Prospective longitudinal study.


Children (<16 years) undergoing surgery for cholesteatoma (58 ears) between 1999 and 2013.




District general hospital.

Main Outcome Measures

(1) Residual, recurrence, and recidivist cholesteatoma rates at 5 years post-surgery; (2) postoperative hearing; (3) postoperative waterproofing of the ear; (4) number of subsequent ear surgery required.

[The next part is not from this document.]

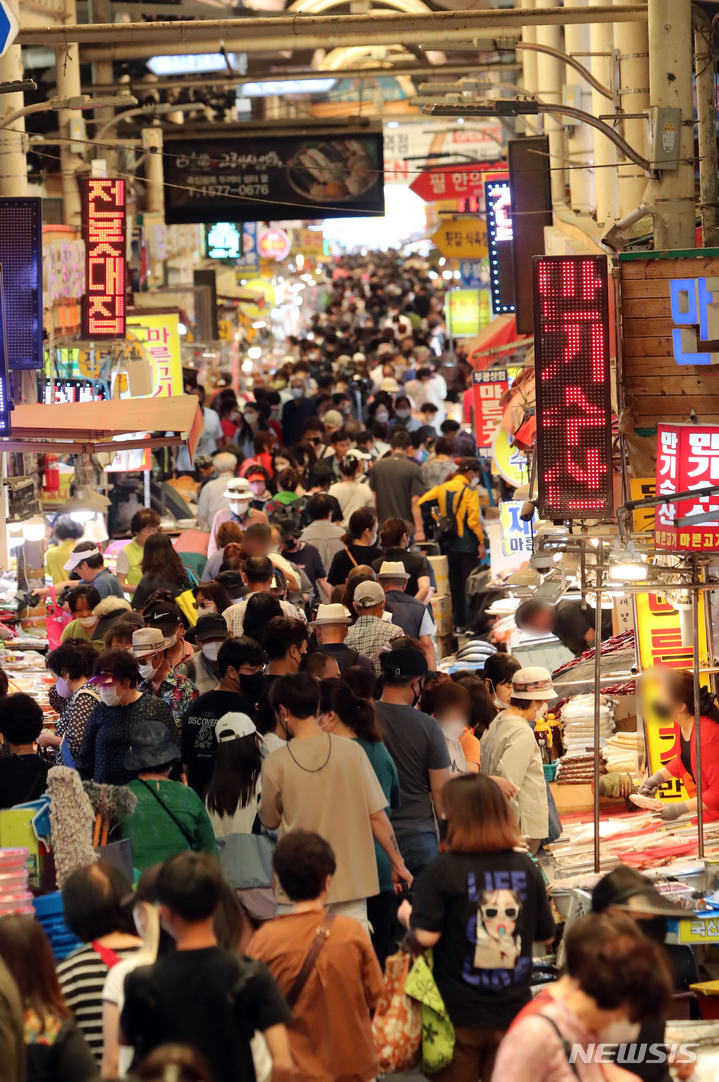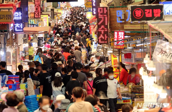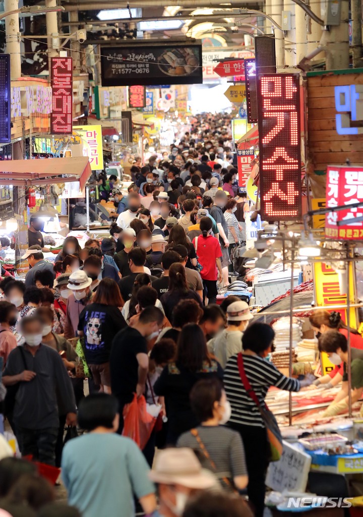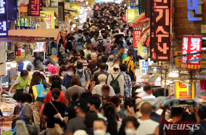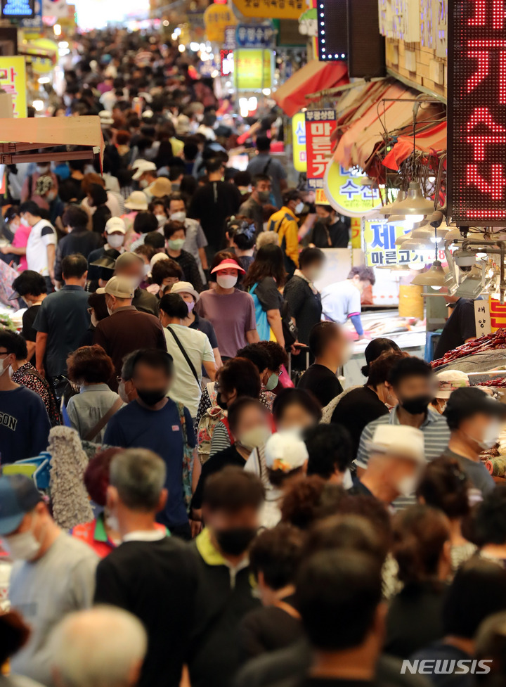 【NEWSIS】秋夕(チュソク=中秋節)連休(今年は9月9日-12日)まであと2週間となった28日、釜山市釜山鎮区の釜田市場は、お供え用品などを購入しに来た人々でにぎわっていた。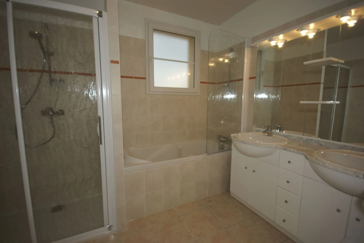 Casa tranquilla con molto spazio all'interno. Terrazza con vista sulla piscina adiacente. Nessun problema con i vicini e le case nelle vicinanze. Tuttavia, un sacco di polvere e ragnatele sulle pareti interne e la doccia non era stata pulita al 100% pulito (ancora nella sua fuga). (Docce multiple erano presenti in casa)

Fifty-five children (58 ears) contributed to the study. At 5 years, 16 of 58 (27.6%) had been lost to follow-up. Using Kaplan-Meier survival analysis, the residual rate after 5 years was 9.9% (95% CI: 3.8–24.4%), representing four residual cholesteatomas, and there were no recurrences detected. Using a cross-sectional analysis at 12 months of follow-up, the otorrhea risk was 0% and the risk of definitive waterproofing was 94.8%. There was a re-operation risk of 17.2% within 5 years which included second-stage ossiculoplasty. Regarding hearing, of the data available (n = 16), 10 children (62.5%) maintained their hearing (change between −10 and =10 dB), 2 (12.5%) had hearing gain (>10 dB), and 4 children (25%) had hearing reduction at 12 months postoperation. Four of 16 children (25%) had a postoperative hearing level of 30 dB or lower.


The use of a CWD approach with obliteration of the mastoid cavity to surgically treat extensive cholesteatoma in children results in a low recurrence rate and high rate of a trouble-free ear in the long term.